━━━━━ DATA SECTION ━━━━━

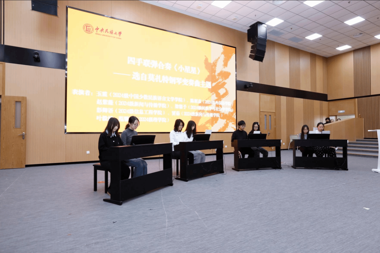 本次交流会以“课程汇报+艺术展演+互动交流”的融合形式,集中展示了七门特色鲜明、内涵丰富的美育课程,涵盖钢琴、歌剧、器乐、舞蹈、戏剧、艺术疗愈等多个领域,系统呈现了我校美育课程建设的阶段性成果,体现了学校以铸牢中华民族共同体意识为主线,推动美育融入“五育”的育人实践,生动诠释了“以美育人、以文化人”的教育理念,彰显了我校美育工作“有体系、有特色、有温度”的育人格局。
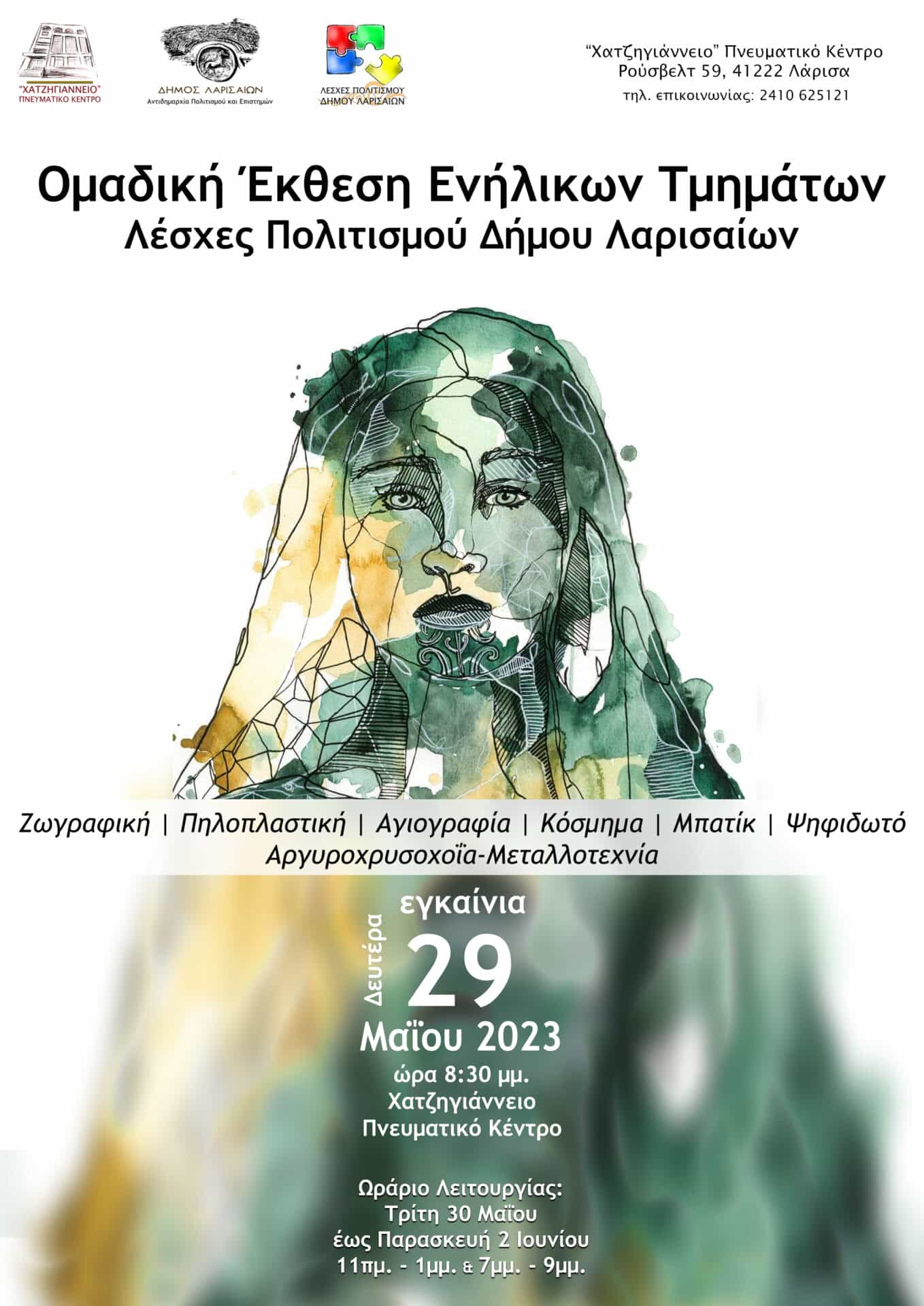 Η Αντιδημαρχία Πολιτισμού και Επιστημών του Δήμου Λαρισαίων, το Χατζηγιάννειο Πνευματικό Κέντρο και οι Λέσχες Πολιτισμού, διοργανώνουν ομαδική έκθεση ζωγραφικής και εφαρμοσμένων τεχνών των τμημάτων ενηλίκων που παρακολουθούν μαθήματα στις Λέσχες Πολιτισμού του Δήμου Λαρισαίων.
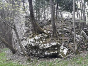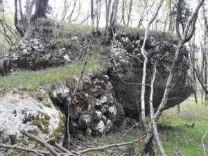 I grandi massi dopo la fine dell’ultima glaciazione erano caduti a decine lungo le pendici del M. Raut e si erano fermati lungo il versante. La maggior parte dei piccoli e medi blocchi di calcare furono spostati nel XVII secolo per organizzare l’espansione delle terre coltivate di Poffabro, ma i massi più grandi furono in gran parte riutilizzati per costruire orti e coltivi rialzati contornando i massi con dei muretti a secco che tenevano all’interno il terreno coltivabile.
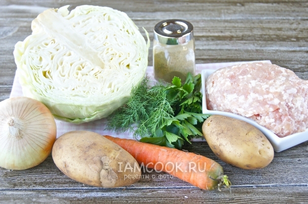 Итак, подготовьте все необходимые продукты для супа с фрикадельками и капустой.
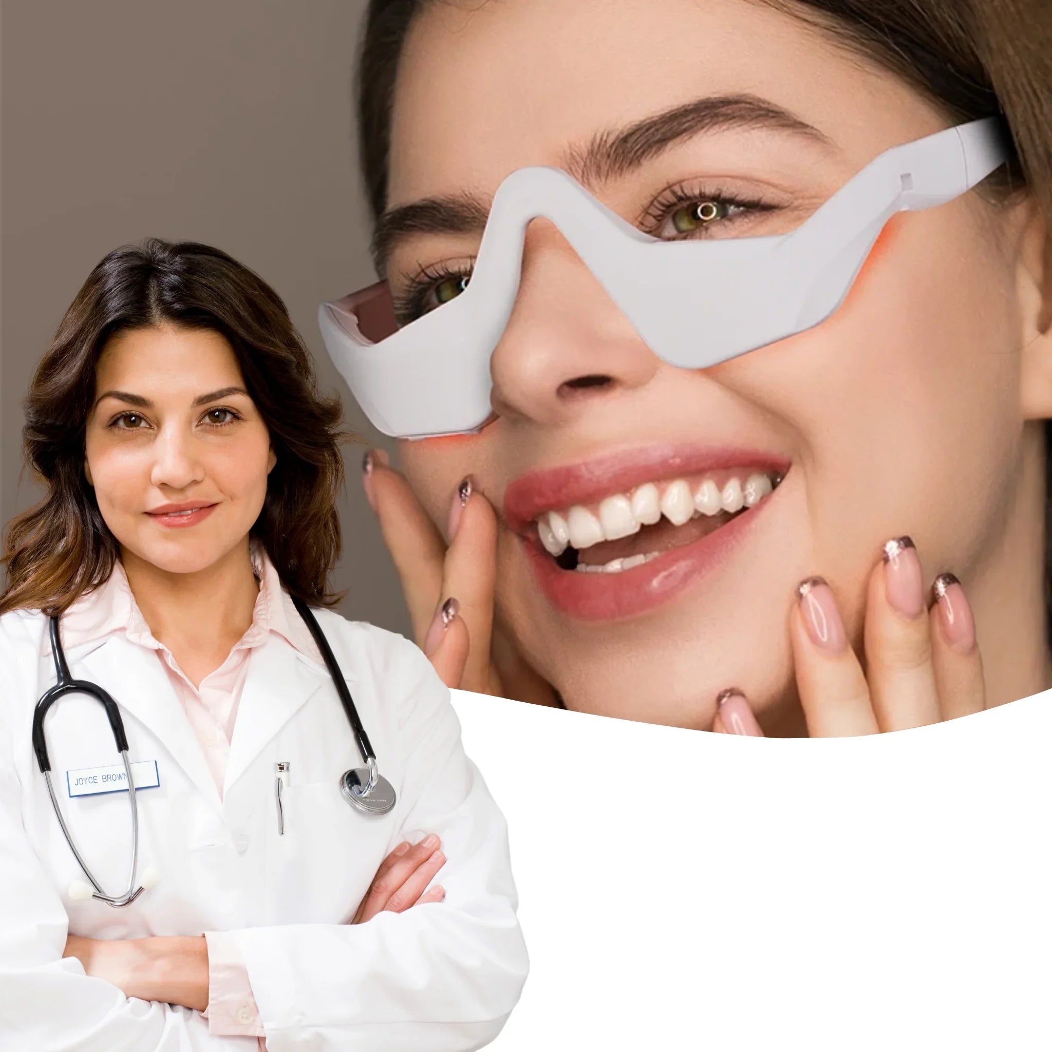 GlowEye combines Electrical Muscle Stimulation (EMS) and red light therapy to fight dark circles, puffiness, and fine lines.
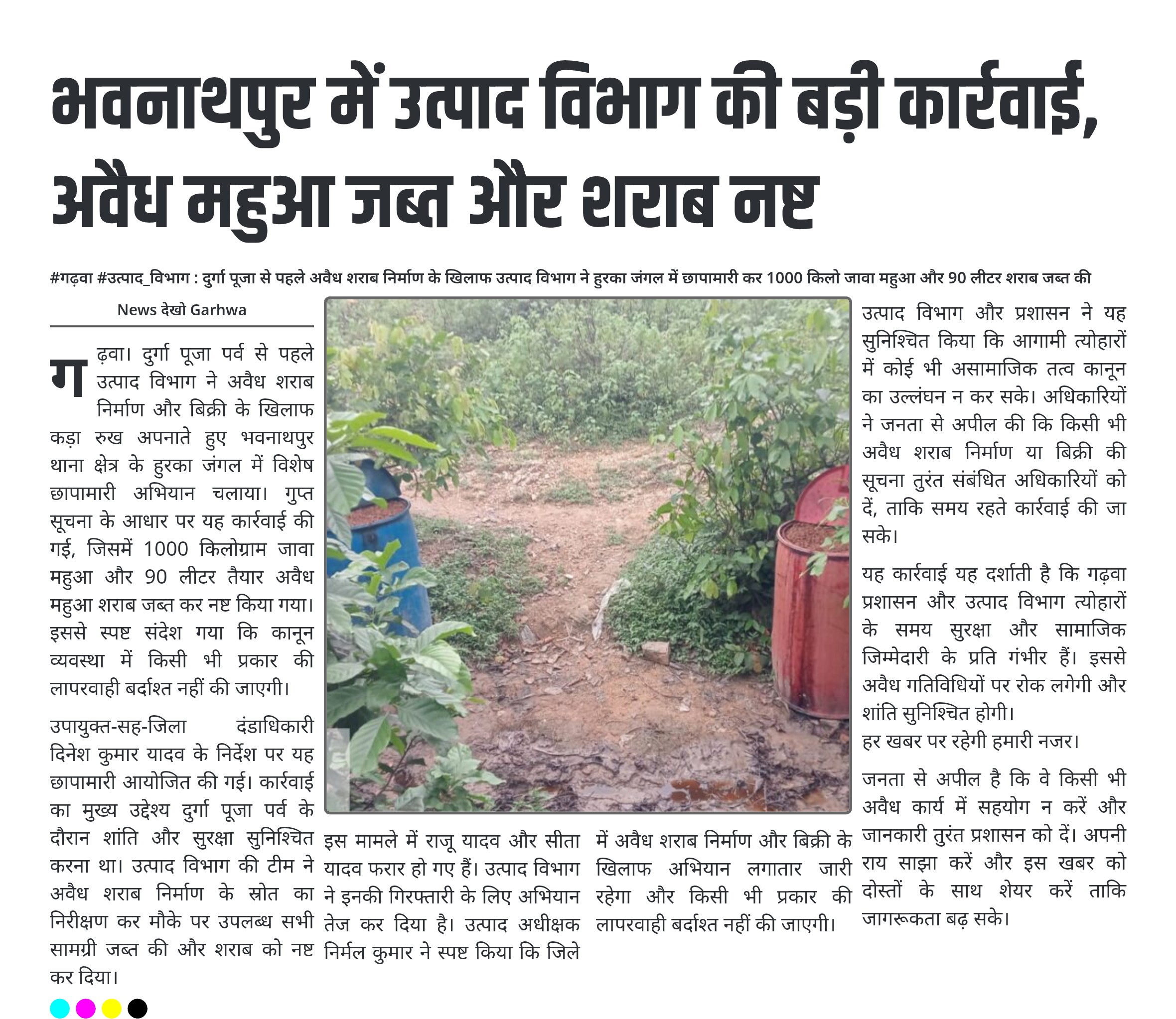 - उपायुक्त-सह-जिला दंडाधिकारी दिनेश कुमार यादव के निर्देश पर उत्पाद विभाग ने भवनाथपुर थाना क्षेत्र के हुरका जंगल में छापामारी की।
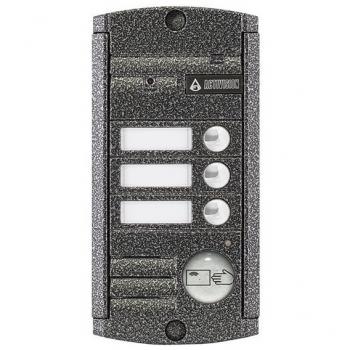 4-х проводная антивандальная накладная видеопанель, 3-х абонентная, со встроенным Proxy считывателем. Корпус цвета антик с ИК подсветкой до 0,6м, матрица 1/3", разрешение 1000 ТВл, 12В, угол обзора 75 (гор.) 55 (верт.); рабочий диапазон t -50…+50; 140х70х20 мм.
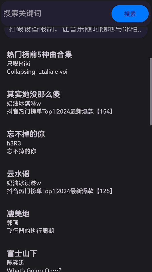 茉莉音乐app最新下载手机版v1.0.1最新版茉莉音乐app最新下载手机版是一款功能丰富的在线音乐播放器,拥有海量热门音乐资源,每日同步更新热门榜单与热门歌单推荐,为用户带来每日新奇听歌体验。支持关键
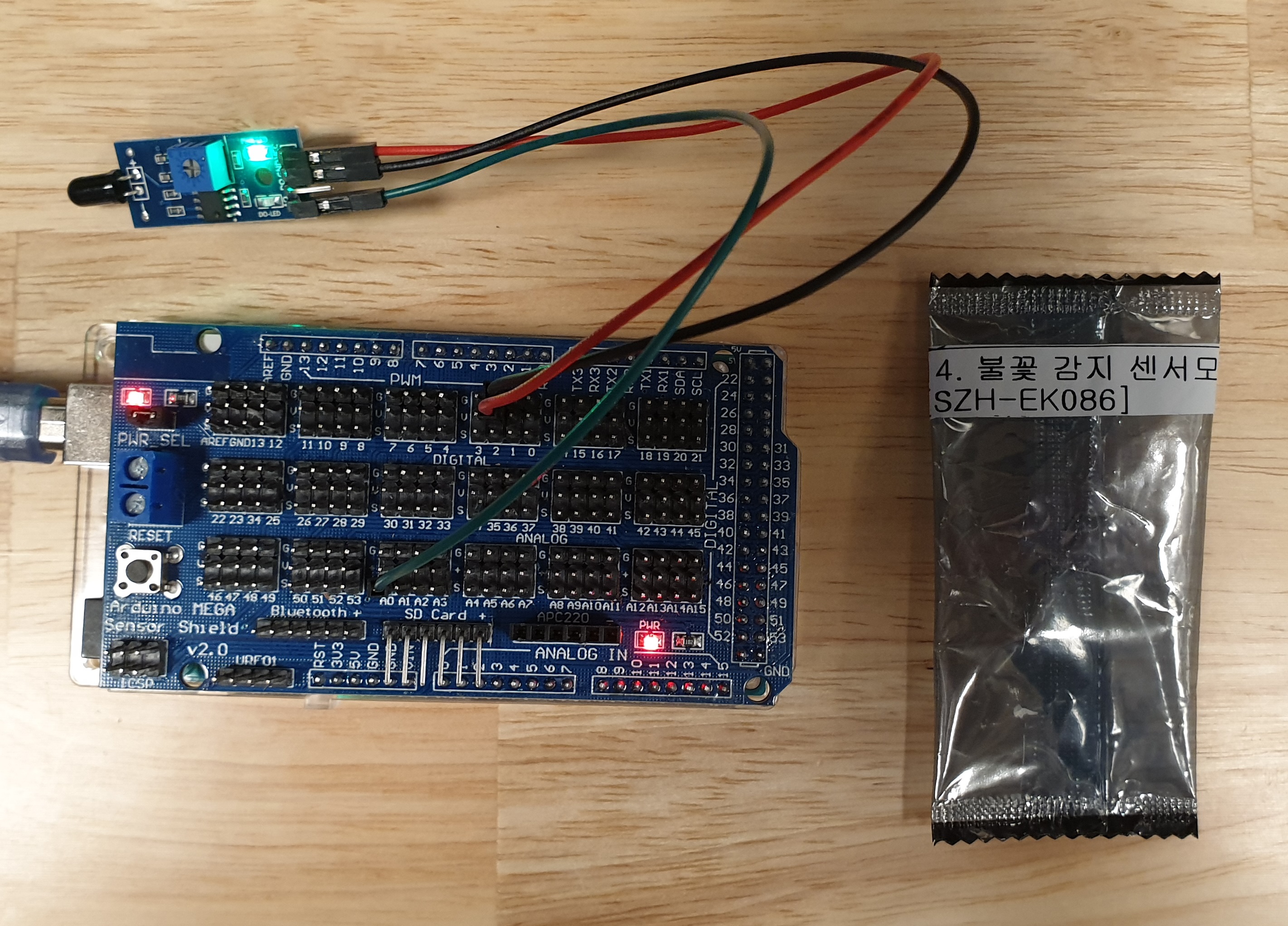 3. 스케치에서 불꽃센서 제품의 데이터를 취득할 수 있도록 프로그램을 작성합니다.

━━━━━

[PROBLEM STATEMENT] Nothing but the records, repeated exactly and stripped of pictures, should appear in the answer.

[EXERCISE RESPONSE]
 本次交流会以“课程汇报+艺术展演+互动交流”的融合形式,集中展示了七门特色鲜明、内涵丰富的美育课程,涵盖钢琴、歌剧、器乐、舞蹈、戏剧、艺术疗愈等多个领域,系统呈现了我校美育课程建设的阶段性成果,体现了学校以铸牢中华民族共同体意识为主线,推动美育融入“五育”的育人实践,生动诠释了“以美育人、以文化人”的教育理念,彰显了我校美育工作“有体系、有特色、有温度”的育人格局。
 Η Αντιδημαρχία Πολιτισμού και Επιστημών του Δήμου Λαρισαίων, το Χατζηγιάννειο Πνευματικό Κέντρο και οι Λέσχες Πολιτισμού, διοργανώνουν ομαδική έκθεση ζωγραφικής και εφαρμοσμένων τεχνών των τμημάτων ενηλίκων που παρακολουθούν μαθήματα στις Λέσχες Πολιτισμού του Δήμου Λαρισαίων.
 I grandi massi dopo la fine dell’ultima glaciazione erano caduti a decine lungo le pendici del M. Raut e si erano fermati lungo il versante. La maggior parte dei piccoli e medi blocchi di calcare furono spostati nel XVII secolo per organizzare l’espansione delle terre coltivate di Poffabro, ma i massi più grandi furono in gran parte riutilizzati per costruire orti e coltivi rialzati contornando i massi con dei muretti a secco che tenevano all’interno il terreno coltivabile.
 Итак, подготовьте все необходимые продукты для супа с фрикадельками и капустой.
 GlowEye combines Electrical Muscle Stimulation (EMS) and red light therapy to fight dark circles, puffiness, and fine lines.
 - उपायुक्त-सह-जिला दंडाधिकारी दिनेश कुमार यादव के निर्देश पर उत्पाद विभाग ने भवनाथपुर थाना क्षेत्र के हुरका जंगल में छापामारी की।
 4-х проводная антивандальная накладная видеопанель, 3-х абонентная, со встроенным Proxy считывателем. Корпус цвета антик с ИК подсветкой до 0,6м, матрица 1/3", разрешение 1000 ТВл, 12В, угол обзора 75 (гор.) 55 (верт.); рабочий диапазон t -50…+50; 140х70х20 мм.
 茉莉音乐app最新下载手机版v1.0.1最新版茉莉音乐app最新下载手机版是一款功能丰富的在线音乐播放器,拥有海量热门音乐资源,每日同步更新热门榜单与热门歌单推荐,为用户带来每日新奇听歌体验。支持关键
 3. 스케치에서 불꽃센서 제품의 데이터를 취득할 수 있도록 프로그램을 작성합니다.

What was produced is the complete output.